Edit to include working solution:
Here is what i used in my startup class per the accepted answer below. Note the "audience" value is the URL of the API end point that I'm calling that I need access to. The Tenant is a custom url that we have bound in our organization, if you don't supply a valid tenant value, you might get an exception that says "Response status code does not indicate success: 404 (Not Found)." You'll need the Azure Active Directory assembly which you can get from Nuget: Install-Package Microsoft.Owin.Security.ActiveDirectory
public partial class Startup
{
// For more information on configuring authentication, please visit http://go.microsoft.com/fwlink/?LinkId=301864
public void ConfigureAuth(IAppBuilder app)
{
app.UseWindowsAzureActiveDirectoryBearerAuthentication(
new WindowsAzureActiveDirectoryBearerAuthenticationOptions
{
Audience = "https://myapi.azurewebsites.net/",
Tenant = "my.custom.url.com",
TokenValidationParameters = new System.IdentityModel.Tokens.TokenValidationParameters
{
ValidateIssuer = false
}
});
}
}
here are the post parameters I'm using to make the request from the application that needs access to receive my token.
body.Add(new KeyValuePair<string, string>("grant_type", "authorization_code"));
body.Add(new KeyValuePair<string, string>("code", code)); // code from response
body.Add(new KeyValuePair<string, string>("redirect_uri", "http://localhost:51015/redirect"));
body.Add(new KeyValuePair<string, string>("client_id", "xxxxxxx-8829-4294-b2c9-xxxxxxxxxx")); // client id of this application making the request
body.Add(new KeyValuePair<string, string>("client_secret", "PxxxxxxxxxxxxSnTJ4Uh63Voj+tkxxxxxxx="));
body.Add(new KeyValuePair<string, string>("resource", "https://myapi.azurewebsites.net/")); // same value goes here that is in the audience value of the api, this is also the same value that is passed in the resource parameter of the query string on the redirect to the login to obtain the "code" in the previous step

It depends on how you protect the web API. Normally, we can protect the web API using Azure AD using the code below:
public partial class Startup
{
// For more information on configuring authentication, please visit http://go.microsoft.com/fwlink/?LinkId=301864
public void ConfigureAuth(IAppBuilder app)
{
app.UseWindowsAzureActiveDirectoryBearerAuthentication(
new WindowsAzureActiveDirectoryBearerAuthenticationOptions
{
Audience = ConfigurationManager.AppSettings["ida:Audience"],
Tenant = ConfigurationManager.AppSettings["ida:Tenant"],
TokenValidationParameters= new System.IdentityModel.Tokens.TokenValidationParameters {
ValidateIssuer=false
}
});
}
}
The Audience is the ClientId of app you register on the Azure portal.

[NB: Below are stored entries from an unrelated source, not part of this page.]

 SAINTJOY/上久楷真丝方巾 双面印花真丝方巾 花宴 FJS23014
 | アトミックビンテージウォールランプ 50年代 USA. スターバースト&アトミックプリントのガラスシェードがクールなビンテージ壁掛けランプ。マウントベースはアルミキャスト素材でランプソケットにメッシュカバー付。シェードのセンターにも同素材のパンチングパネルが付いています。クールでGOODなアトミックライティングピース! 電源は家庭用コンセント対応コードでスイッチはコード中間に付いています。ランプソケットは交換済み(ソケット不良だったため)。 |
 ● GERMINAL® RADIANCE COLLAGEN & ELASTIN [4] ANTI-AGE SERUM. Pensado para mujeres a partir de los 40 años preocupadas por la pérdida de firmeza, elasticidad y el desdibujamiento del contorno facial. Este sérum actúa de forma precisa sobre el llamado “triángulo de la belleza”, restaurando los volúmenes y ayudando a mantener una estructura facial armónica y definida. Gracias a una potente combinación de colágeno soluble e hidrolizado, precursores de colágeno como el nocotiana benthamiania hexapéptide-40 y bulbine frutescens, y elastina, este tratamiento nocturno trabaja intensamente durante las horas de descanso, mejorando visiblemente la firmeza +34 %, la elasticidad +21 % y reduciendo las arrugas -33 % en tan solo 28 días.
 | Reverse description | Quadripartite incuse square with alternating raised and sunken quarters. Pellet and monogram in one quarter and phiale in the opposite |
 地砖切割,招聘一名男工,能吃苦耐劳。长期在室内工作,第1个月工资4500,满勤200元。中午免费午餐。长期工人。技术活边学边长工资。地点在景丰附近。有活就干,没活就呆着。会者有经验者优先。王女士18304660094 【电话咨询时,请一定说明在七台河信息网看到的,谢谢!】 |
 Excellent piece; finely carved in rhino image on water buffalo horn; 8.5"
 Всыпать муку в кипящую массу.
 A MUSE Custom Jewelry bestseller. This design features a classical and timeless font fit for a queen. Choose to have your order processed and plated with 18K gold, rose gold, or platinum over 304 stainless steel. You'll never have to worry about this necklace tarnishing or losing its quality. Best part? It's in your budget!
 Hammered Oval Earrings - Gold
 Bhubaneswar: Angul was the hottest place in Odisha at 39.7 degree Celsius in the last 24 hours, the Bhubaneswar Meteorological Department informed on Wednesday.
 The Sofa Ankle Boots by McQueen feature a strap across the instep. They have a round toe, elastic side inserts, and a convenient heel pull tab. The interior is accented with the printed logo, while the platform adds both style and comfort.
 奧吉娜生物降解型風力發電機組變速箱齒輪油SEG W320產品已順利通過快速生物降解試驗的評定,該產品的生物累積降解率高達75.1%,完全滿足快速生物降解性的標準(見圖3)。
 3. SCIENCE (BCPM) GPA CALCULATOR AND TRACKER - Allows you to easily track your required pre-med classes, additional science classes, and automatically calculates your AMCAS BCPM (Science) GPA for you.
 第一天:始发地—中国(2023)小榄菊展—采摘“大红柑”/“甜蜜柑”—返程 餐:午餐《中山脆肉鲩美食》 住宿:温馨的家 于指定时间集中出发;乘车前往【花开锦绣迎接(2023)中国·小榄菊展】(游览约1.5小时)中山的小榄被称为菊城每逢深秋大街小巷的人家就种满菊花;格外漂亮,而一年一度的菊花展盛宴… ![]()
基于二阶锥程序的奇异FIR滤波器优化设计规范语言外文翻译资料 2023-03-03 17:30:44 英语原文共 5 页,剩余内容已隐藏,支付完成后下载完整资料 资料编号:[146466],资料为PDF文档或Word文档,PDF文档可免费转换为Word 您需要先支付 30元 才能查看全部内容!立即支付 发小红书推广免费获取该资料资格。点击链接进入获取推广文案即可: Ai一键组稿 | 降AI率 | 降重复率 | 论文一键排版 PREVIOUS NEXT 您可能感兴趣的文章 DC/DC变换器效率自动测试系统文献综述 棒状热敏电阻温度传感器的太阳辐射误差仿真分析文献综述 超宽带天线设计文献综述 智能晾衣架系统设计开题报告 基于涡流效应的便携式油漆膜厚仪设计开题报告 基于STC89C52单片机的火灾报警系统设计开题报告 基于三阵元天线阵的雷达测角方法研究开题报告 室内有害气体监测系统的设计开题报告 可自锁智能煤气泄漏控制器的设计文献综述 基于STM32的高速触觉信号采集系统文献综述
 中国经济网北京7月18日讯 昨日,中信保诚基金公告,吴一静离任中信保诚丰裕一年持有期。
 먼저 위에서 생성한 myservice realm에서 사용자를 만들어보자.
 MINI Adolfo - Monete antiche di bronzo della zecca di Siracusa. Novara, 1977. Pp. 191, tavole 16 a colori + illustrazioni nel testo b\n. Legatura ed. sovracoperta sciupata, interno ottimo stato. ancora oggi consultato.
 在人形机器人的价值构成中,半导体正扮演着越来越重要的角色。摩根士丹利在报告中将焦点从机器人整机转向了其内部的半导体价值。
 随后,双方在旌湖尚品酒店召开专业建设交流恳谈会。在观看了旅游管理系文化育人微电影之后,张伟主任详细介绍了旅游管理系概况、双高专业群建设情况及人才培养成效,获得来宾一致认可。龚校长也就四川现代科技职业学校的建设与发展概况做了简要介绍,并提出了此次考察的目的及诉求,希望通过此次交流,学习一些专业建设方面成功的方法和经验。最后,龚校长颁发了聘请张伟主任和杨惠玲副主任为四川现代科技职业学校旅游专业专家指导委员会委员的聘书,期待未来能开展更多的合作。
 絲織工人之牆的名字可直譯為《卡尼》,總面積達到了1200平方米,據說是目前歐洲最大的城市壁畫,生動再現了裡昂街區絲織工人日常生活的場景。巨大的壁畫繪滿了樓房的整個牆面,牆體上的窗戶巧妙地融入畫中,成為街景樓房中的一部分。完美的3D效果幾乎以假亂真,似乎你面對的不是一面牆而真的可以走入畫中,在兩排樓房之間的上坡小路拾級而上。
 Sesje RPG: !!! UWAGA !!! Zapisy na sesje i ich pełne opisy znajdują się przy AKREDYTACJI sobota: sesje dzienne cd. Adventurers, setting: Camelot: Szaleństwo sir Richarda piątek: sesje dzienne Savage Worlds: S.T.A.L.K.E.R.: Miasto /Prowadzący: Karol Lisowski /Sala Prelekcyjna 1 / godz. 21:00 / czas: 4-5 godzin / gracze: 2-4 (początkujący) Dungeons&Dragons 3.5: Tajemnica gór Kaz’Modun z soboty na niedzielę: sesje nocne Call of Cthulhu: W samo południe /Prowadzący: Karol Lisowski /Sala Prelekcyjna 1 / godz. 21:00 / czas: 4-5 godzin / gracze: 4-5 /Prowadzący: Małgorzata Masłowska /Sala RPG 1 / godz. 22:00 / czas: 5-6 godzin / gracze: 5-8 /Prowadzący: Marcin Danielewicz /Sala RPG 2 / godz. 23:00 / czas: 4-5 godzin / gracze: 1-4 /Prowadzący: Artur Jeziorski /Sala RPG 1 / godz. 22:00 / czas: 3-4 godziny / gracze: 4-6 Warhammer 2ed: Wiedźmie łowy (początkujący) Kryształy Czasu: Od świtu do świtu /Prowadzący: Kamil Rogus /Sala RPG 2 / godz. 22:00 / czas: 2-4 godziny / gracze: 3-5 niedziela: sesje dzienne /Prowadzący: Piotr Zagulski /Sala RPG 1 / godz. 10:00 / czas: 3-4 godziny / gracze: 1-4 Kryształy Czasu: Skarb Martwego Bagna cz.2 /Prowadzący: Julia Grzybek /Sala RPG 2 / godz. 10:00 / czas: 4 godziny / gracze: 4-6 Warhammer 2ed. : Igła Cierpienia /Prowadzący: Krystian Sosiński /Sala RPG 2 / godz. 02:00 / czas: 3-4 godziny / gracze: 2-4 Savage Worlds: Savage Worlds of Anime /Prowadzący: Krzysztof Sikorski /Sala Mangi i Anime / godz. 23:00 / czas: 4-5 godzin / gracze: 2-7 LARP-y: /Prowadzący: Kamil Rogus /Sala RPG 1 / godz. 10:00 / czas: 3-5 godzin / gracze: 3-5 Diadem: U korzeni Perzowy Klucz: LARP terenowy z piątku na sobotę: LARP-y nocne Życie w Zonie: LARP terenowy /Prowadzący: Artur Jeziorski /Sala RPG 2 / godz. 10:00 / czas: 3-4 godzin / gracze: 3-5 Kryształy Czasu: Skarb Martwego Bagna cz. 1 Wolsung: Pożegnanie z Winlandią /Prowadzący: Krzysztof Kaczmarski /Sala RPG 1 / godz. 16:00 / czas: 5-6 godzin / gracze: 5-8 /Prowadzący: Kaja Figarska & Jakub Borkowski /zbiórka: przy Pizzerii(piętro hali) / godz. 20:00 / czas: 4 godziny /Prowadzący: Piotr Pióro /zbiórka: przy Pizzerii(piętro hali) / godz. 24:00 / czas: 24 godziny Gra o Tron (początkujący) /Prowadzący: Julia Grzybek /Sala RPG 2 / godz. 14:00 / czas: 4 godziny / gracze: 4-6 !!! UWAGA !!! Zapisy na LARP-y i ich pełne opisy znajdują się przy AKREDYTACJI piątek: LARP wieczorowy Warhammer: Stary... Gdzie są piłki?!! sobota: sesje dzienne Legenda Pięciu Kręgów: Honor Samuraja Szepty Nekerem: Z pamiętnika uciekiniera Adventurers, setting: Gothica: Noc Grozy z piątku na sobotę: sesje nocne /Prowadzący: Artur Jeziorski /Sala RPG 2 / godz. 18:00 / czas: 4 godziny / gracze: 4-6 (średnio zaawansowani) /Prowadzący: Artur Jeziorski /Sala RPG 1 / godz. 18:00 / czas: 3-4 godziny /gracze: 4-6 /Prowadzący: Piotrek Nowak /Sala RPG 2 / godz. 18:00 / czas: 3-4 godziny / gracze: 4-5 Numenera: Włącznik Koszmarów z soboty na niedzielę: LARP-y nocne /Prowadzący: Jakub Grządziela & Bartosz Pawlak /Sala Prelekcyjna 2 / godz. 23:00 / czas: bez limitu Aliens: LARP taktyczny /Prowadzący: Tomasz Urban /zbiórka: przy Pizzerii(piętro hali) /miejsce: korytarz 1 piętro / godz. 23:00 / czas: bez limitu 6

In this scenario, we use this app as both the client and resource. Then we canrequest the access token like request below:
POST: https://login.microsoftonline.com/{tenantId}/oauth2/token
resource={clientId}&client_id={clientId}&code={authorizationCode}&grant_type=authorization_code&redirect_uri={redirectUri}&client_secret={clientSecret}
This token should works for the authorization of web API which protect by the code above. More detail about protecting the web API, you can refer here.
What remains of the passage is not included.